Context Is the Whole Game
The difference between a thin answer and a sharp one is almost never the prompt wording. It is what the model can see. Anthropic calls the discipline of managing that "context engineering."
The model has no memory of you. Every answer is built only from what's on the desk in front of it, right now.
This took me a while to internalize. The context window isn't a memory — it's a workspace, a desk. Whatever you've placed on it — your instruction, the files, the conversation so far — is everything the model has to work with. Nothing outside that desk exists to it. It doesn't “know” your project; it knows what's currently in front of it. Once that clicked, a lot of frustration made sense: when the model “forgot” something, it hadn't forgotten — it had never been told, or the thing had slid off the edge of the desk as a long conversation grew.
A worked example
Say you ask Claude to fix a bug and it changes the wrong function. Nine times out of ten the desk was wrong: you pasted one file, but the bug lived in how two files interact, and the second was never on the desk.
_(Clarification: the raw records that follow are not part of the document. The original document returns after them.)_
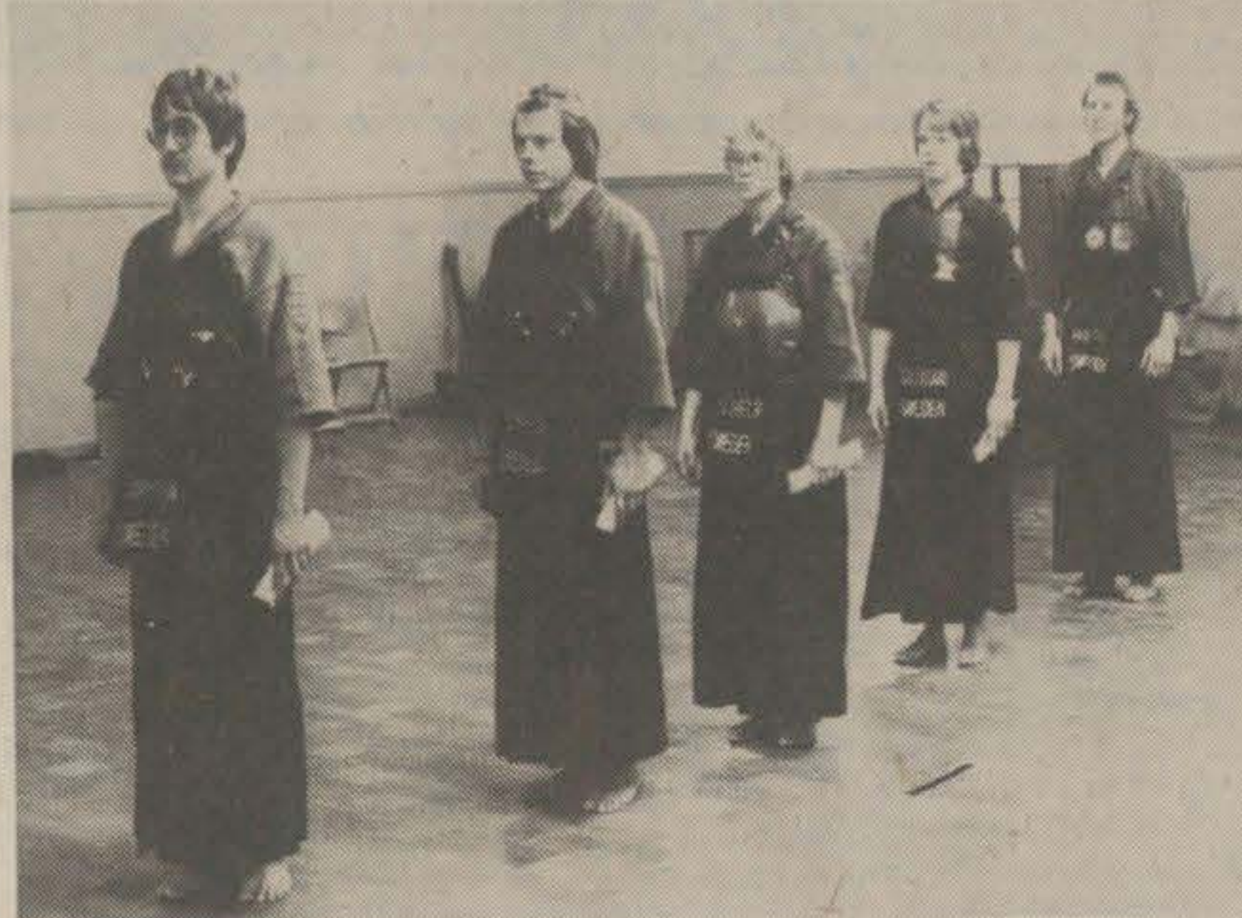
...och här är stockholm laget som hade en kvinnlig deltagare.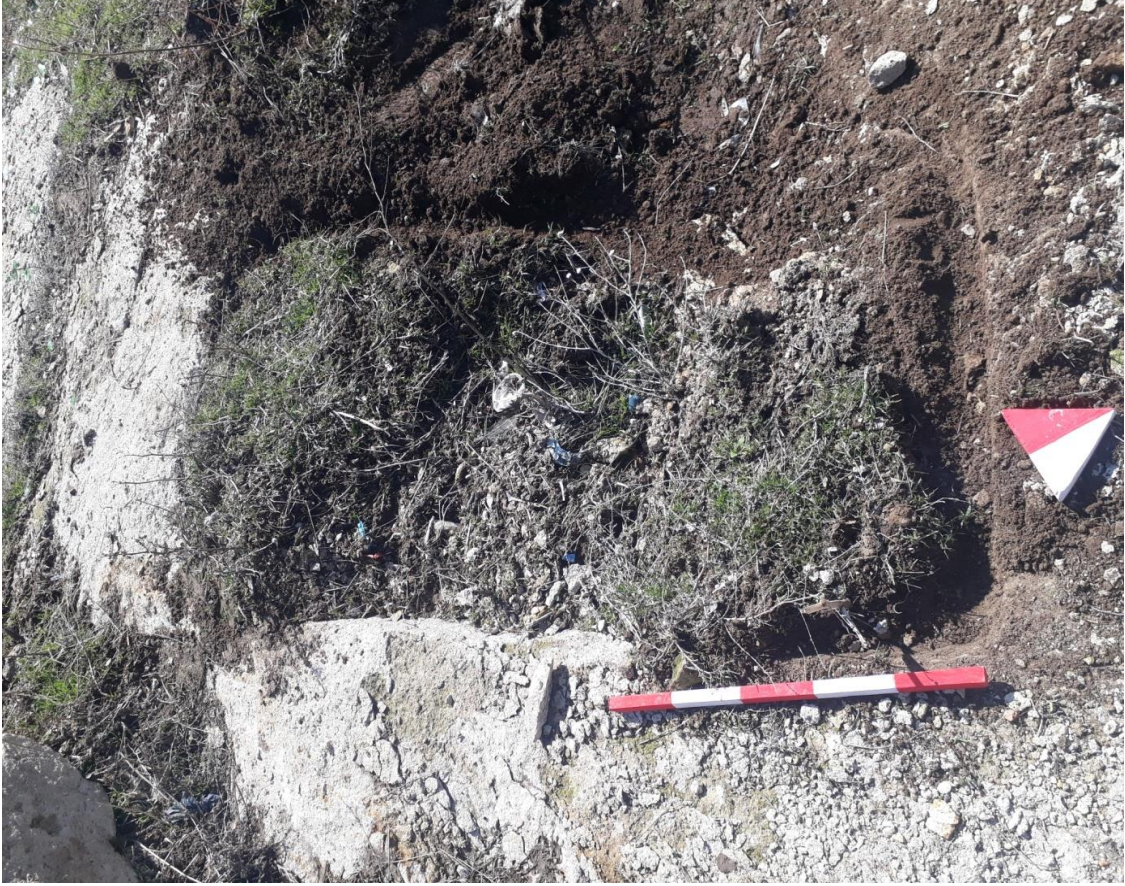
Şekil 86. Merkez Nekropolisi Mezar 7

Basit khamosorion tipindeki mezar, kuzey-güney yönünde uzanmaktadır.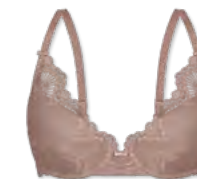
25444 | Schalen-BH / padded bra / SG paddé B-D | 75-95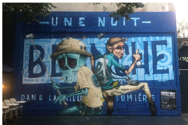
Image du mur en octobre 2019

Trois principes structurent l'action : le lieu, qui doit être unique, la rémunération des artistes pour leur œuvre et la sélection réservée aux seuls artistes urbains. D'autres initiatives proches de l'association Le M.U.R. existent maintenant en France et en Europe.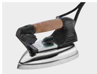
Ferro da stiro mod. EOS (fornito standard) Eos iron (standard equipment)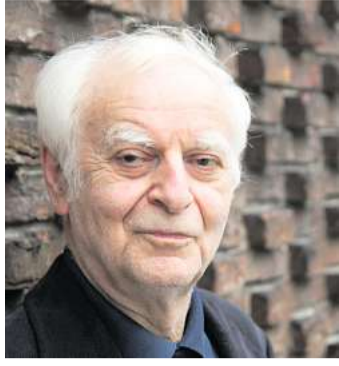
Adolf Muschg liest am Donnerstag, 13. März, aus seinem Buch „Nicht mein Leben“.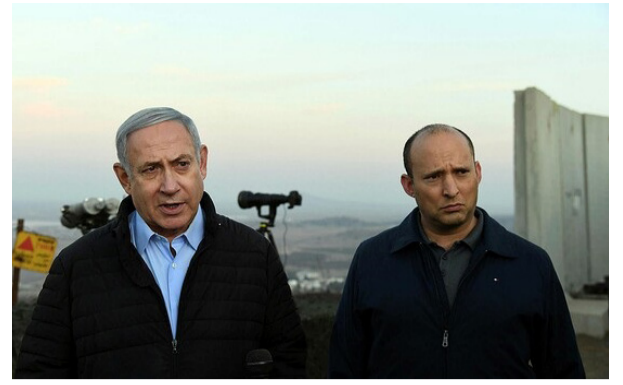
נתניהו ובנט

נתניהו הזניח שוב את חושי החדים ואפשר ליעלון לשמר את מעמדו כשר ביטחון, עד להצטרפותו של ליברמן

The model reasoned perfectly about what it could see — it just couldn't see the thing that mattered. Add the second file, and the “dumb” model is suddenly sharp. Curating the desk is the work; the thinking is the easy part.
This is the skill Anthropic calls context engineering: finding the smallest set of high-signal things that make a good answer likely — and no more. Because the desk has a second, less obvious rule: more is not better. A model has a limited attention budget, and as the desk fills with junk — a giant pasted log, twenty messages of dead ends — its accuracy on what actually matters quietly degrades. The clutter doesn't just waste room; it pulls focus off the signal.
Where it breaks
The kitchen-sink session: one long thread you keep piling onto for hours. It feels efficient — everything's “in there” — but the desk is now mostly clutter, and answers get vaguer the longer it runs. When a thread starts drifting, start a fresh one with a clean desk rather than fighting the mess.
Try it yourself
Next time an answer is off, don't rephrase — audit the desk. List what the model can actually see right now. The missing piece is almost always sitting in your head, never having made it onto the desk; and the noise is almost always something you could clear off it. Adjust what's on the desk before you touch a single word of the prompt.
Grounded in Anthropic's writing on context engineering — the smallest set of high-signal tokens, and the model's limited attention budget.